# [EXERCISE AIM]
Look below for the line with "Step into the" and the line with "Vibrant Cosmic Cloudscape"; repeat exactly those two lines and all lines between them, but no pictures.
Segment Start: THE RECORDS
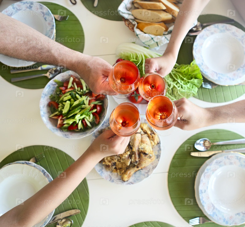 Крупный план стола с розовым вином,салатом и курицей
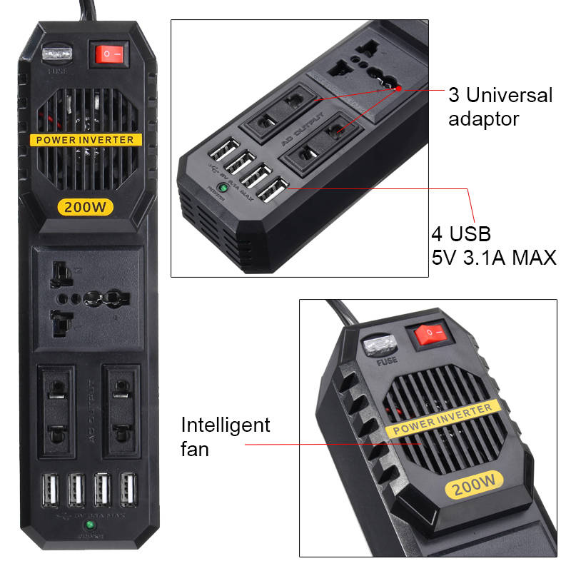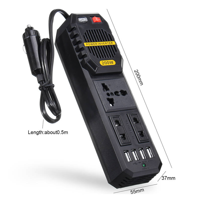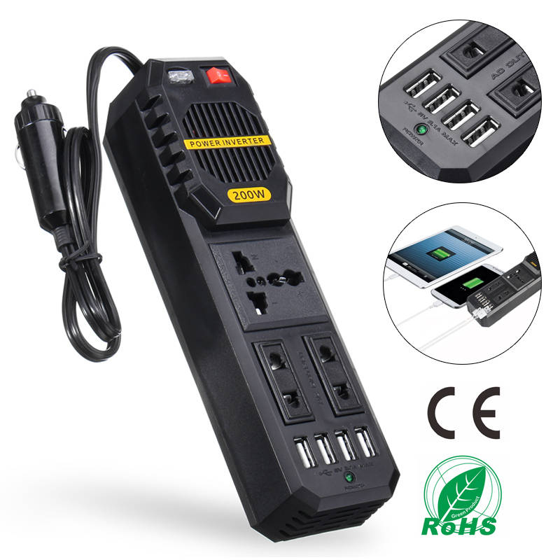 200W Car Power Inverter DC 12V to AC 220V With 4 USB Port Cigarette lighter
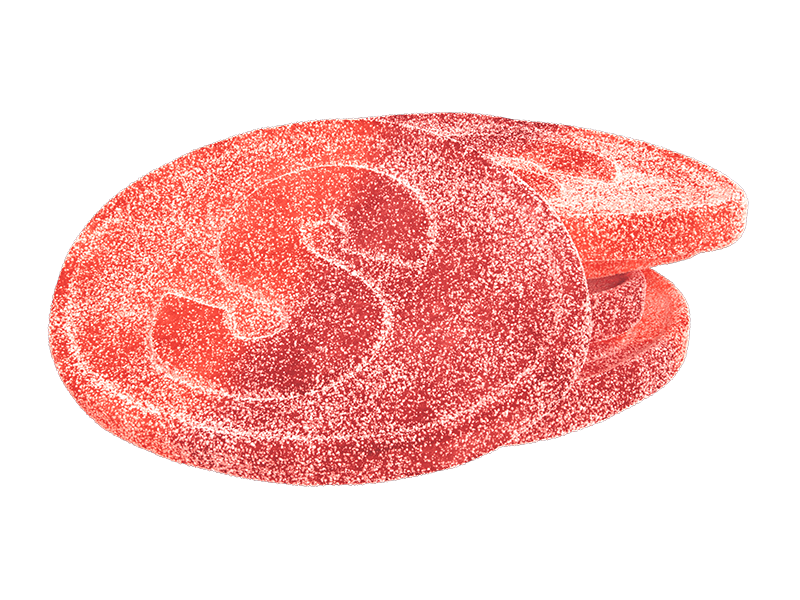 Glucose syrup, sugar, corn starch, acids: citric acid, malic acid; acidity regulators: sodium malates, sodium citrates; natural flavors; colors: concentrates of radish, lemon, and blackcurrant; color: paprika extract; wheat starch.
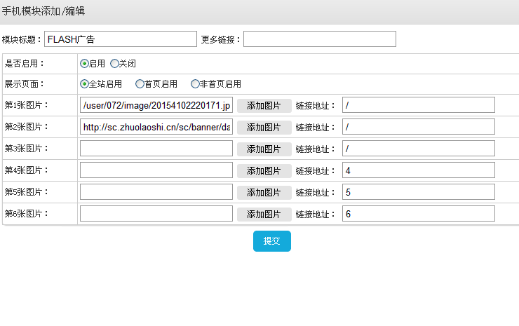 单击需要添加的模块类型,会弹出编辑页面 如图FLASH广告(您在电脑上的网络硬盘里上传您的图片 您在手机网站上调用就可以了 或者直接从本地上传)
Segment End: THE RECORDS
Segment Start: THE RECORDS
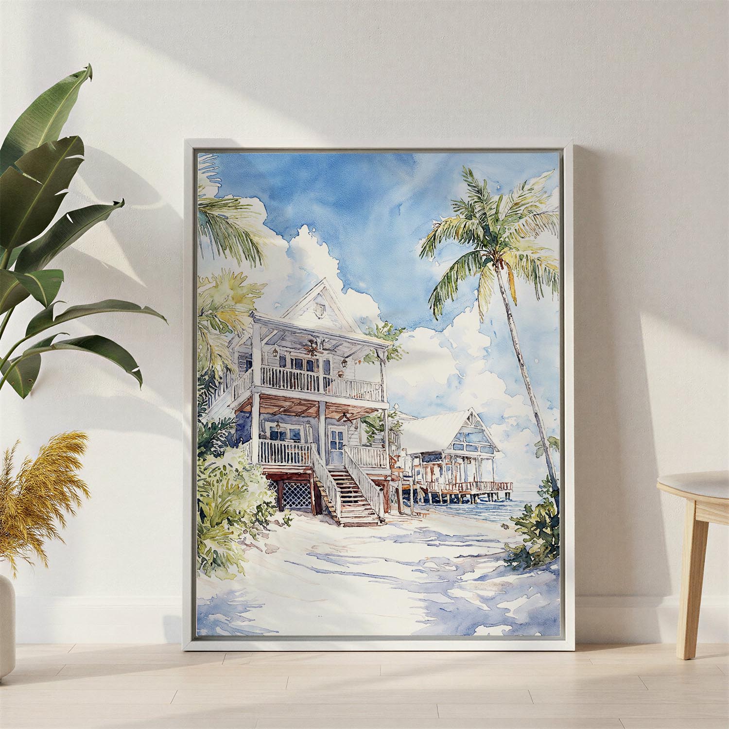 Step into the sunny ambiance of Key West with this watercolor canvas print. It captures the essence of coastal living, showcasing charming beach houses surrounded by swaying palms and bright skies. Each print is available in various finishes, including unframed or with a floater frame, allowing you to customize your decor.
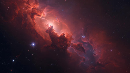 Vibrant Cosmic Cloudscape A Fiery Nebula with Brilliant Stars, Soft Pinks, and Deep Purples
Segment End: THE RECORDS
# [EXPECTED ANSWER]
 Step into the sunny ambiance of Key West with this watercolor canvas print. It captures the essence of coastal living, showcasing charming beach houses surrounded by swaying palms and bright skies. Each print is available in various finishes, including unframed or with a floater frame, allowing you to customize your decor.
 Vibrant Cosmic Cloudscape A Fiery Nebula with Brilliant Stars, Soft Pinks, and Deep Purples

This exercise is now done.